Prumo generates a `llms.txt` following the [llmstxt.org](https://llmstxt.org) standard:

```markdown
# FastAPI

> Modern, fast web framework for building APIs with Python.

## Getting Started

- [Installation](https://fastapi.tiangolo.com/tutorial/): How to install and create the first endpoint.
- [First Steps](https://fastapi.tiangolo.com/tutorial/first-steps/): Basic structure of a FastAPI application.

## Request Handling

- [Path Parameters](https://fastapi.tiangolo.com/tutorial/path-params/): Dynamic URL parameters with automatic type validation.
```

## CLI Reference

### `prumo init`

Interactive wizard that creates a local `.env` file with your credentials.

```
Options:
  --force, -f    Overwrite an existing .env without prompting
```

### `prumo fetch <url>`

Crawls a documentation site and generates `llms.txt`.
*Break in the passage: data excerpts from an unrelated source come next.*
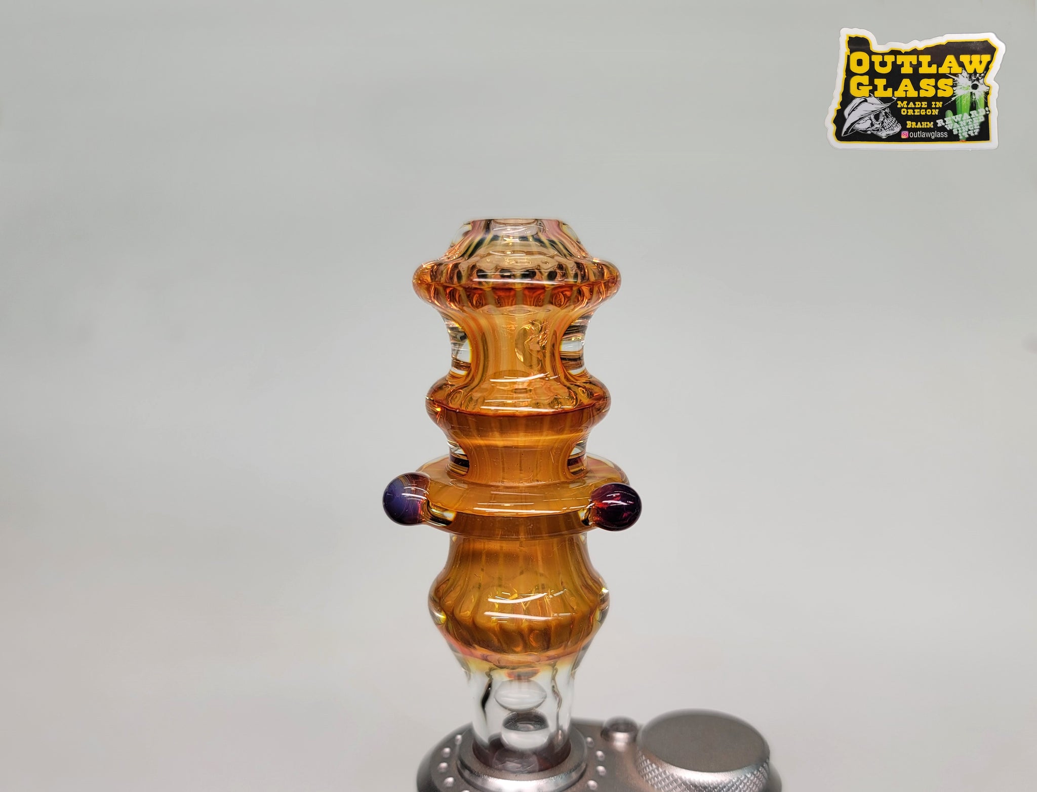 Hand made, thick glass filled with quartz coolin beads create a beautiful stem with a lot of surface area for cooling. These one of a kind stems are hand made by Outlaw Glass of Southern Oregon.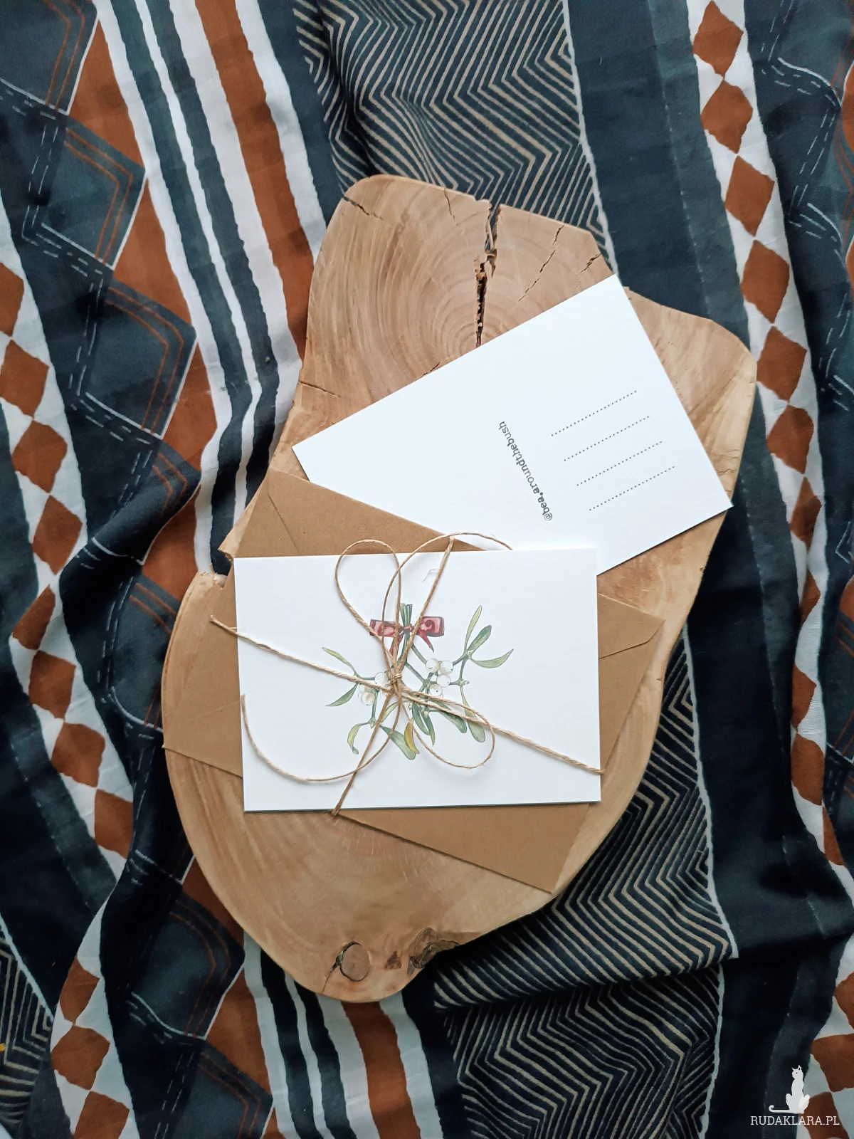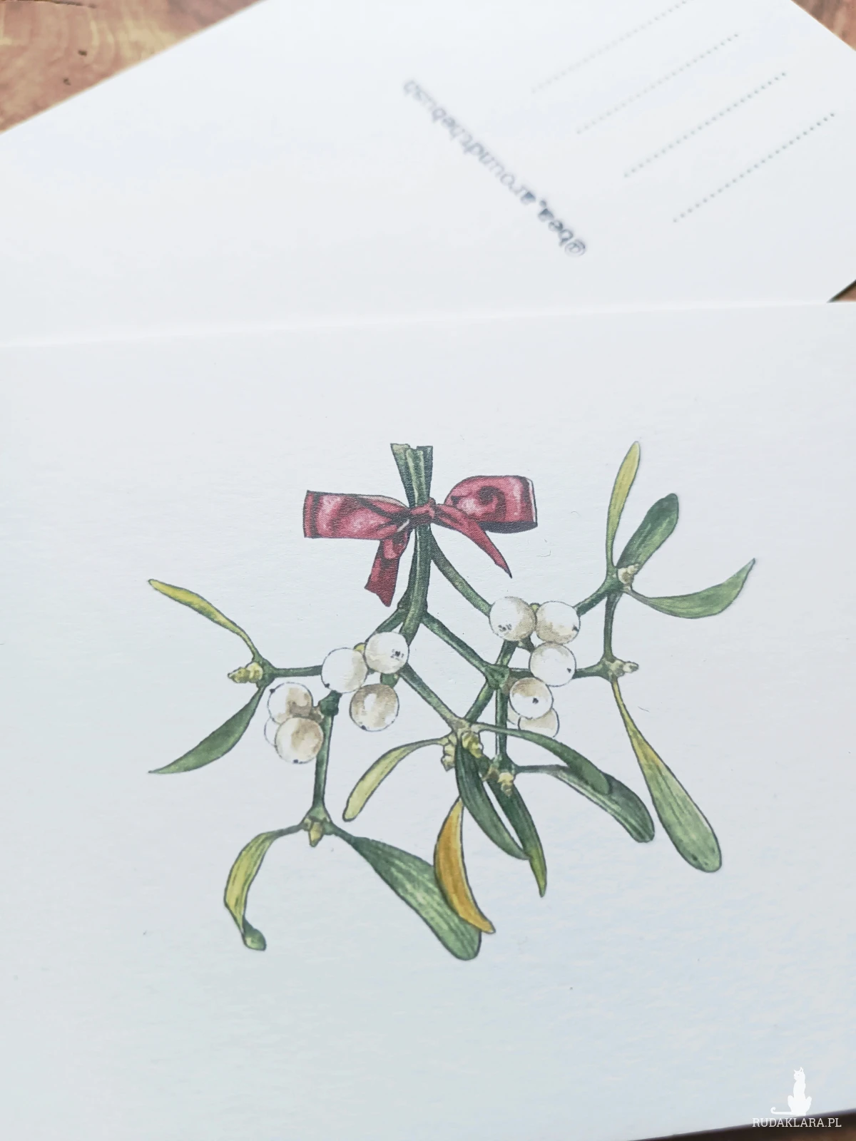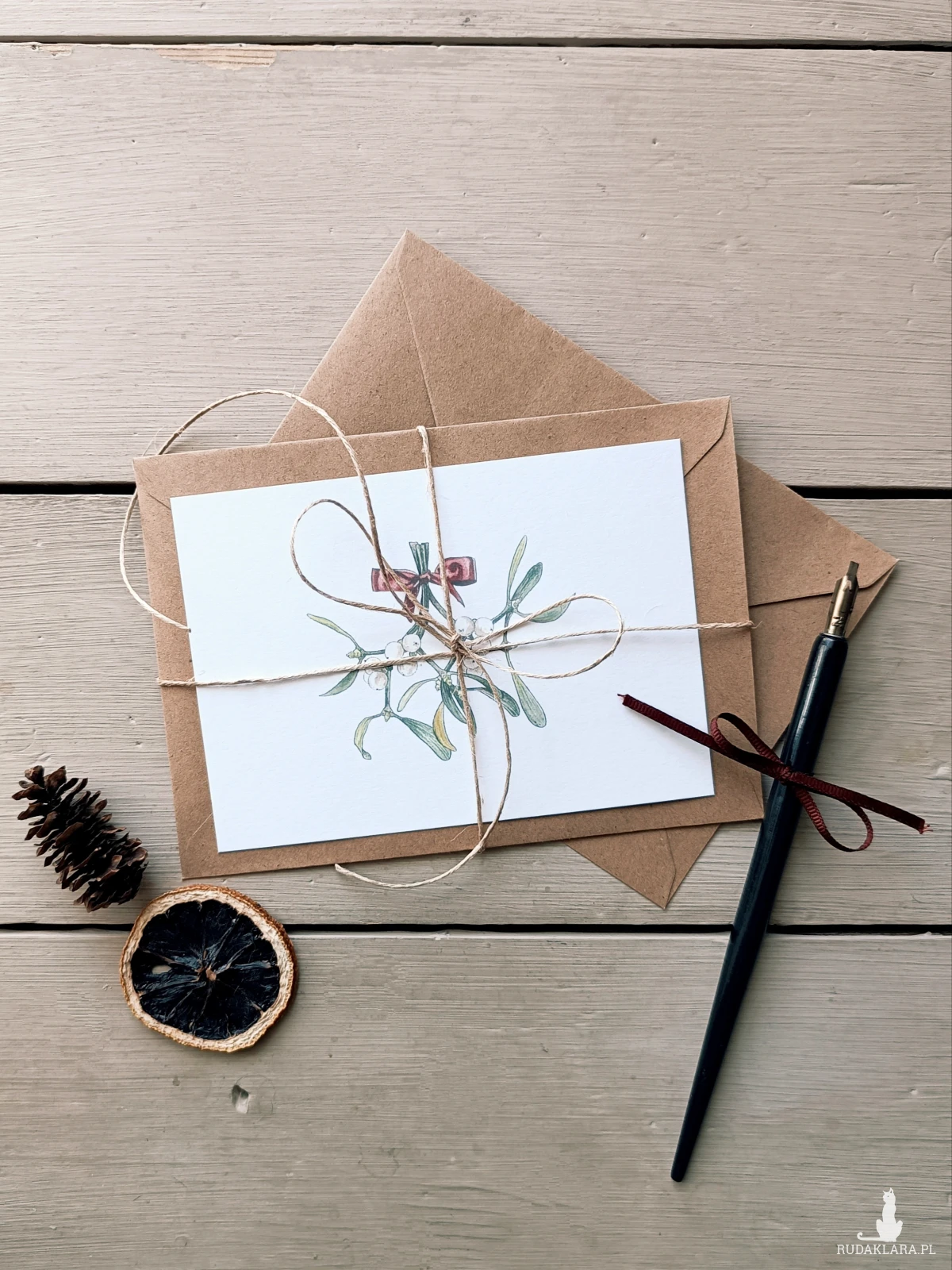 Pocztówka z jemiołą to super pomysł na uzupełnienie prezentu lub na prezent sam w sobie, bo oprawiona stanie się obrazkiem!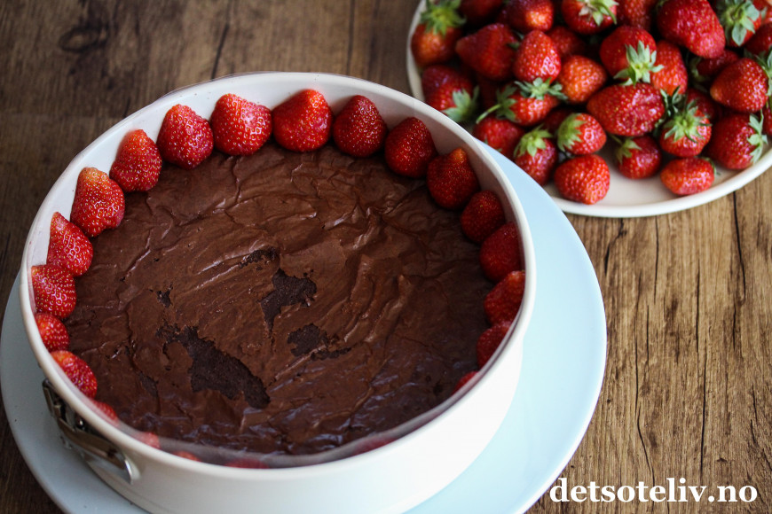 ♥ Det er viktig at du lar browniekaken bli helt kald og fast før du tar den ut av formen, ellers vil den lett gå i stykker. Vil du være helt sikker, kan du la browniekaken stå i kjøleskapet over natten før du forsetter med å lage jordbærmoussen dagen etter. Kaken er da klar til servering dagen etter der igjen.

| Option                  | Default    | Description                                            |
| ----------------------- | ---------- | ------------------------------------------------------ |
| `url`                   | required   | Root URL of the docs site or GitHub repository         |
| `--output`, `-o`        | `./output` | Output directory                                       |
| `--provider`, `-p`      | `gemini`   | LLM provider: `gemini` or `claude`                     |
| `--api-key`, `-k`       | env var    | LLM provider API key                                   |
| `--max-pages`, `-m`     | `50`       | Maximum pages or files to crawl                        |
| `--github`              | `false`    | Use the GitHub API to read `.md`/`.mdx` files directly |
| `--github-token`        | env var    | GitHub Personal Access Token                           |
| `--docs-base-url`, `-d` | —          | Remap GitHub blob links to the published docs URL      |

### Credential resolution order

For each secret, Prumo tries in this order and stops at the first match:

```
--api-key / --github-token flag  →  .env file  →  shell environment variable  →  error
```

## Limitations

|                            |                                                                                                                                                 |
| -------------------------- | ----------------------------------------------------------------------------------------------------------------------------------------------- |
| **JS-rendered sites**      | Sites that require JavaScript to render will return empty content in standard mode. Use `--github` if the repository has Markdown source files. |
| **Large documentation**    | Crawling is capped at `--max-pages` to avoid bloated API calls. Increase it if the generated file feels incomplete.                             |
| **Output quality**         | Depends on the LLM provider and the structure of the source documentation. Gemini 2.5 Flash is the default and works well for most cases.       |
| **GitHub API rate limits** | Authenticated requests are limited to 5,000 per hour. A large repository with `--max-pages 200` can consume several hundred requests.           |

## Development

```bash
git clone https://github.com/Dione-b/prumo.git
cd prumo
uv sync
cp .env.example .env  # fill in your keys
```

```bash
uv run ruff check .
uv run mypy prumo/
uv run pytest tests/ -v
```

## Contributing

Contributions are welcome. Before opening a pull request:

1. Keep changes focused on a single concern.
2. Add or update tests for any behavior changes.
3. Make sure `ruff`, `mypy`, and `pytest` all pass locally.
4. Describe the motivation and user-facing impact in the PR description.

If you find a bug or want to propose a feature, [open an issue](https://github.com/Dione-b/prumo/issues) first.

## License

MIT — see [LICENSE](LICENSE) for details.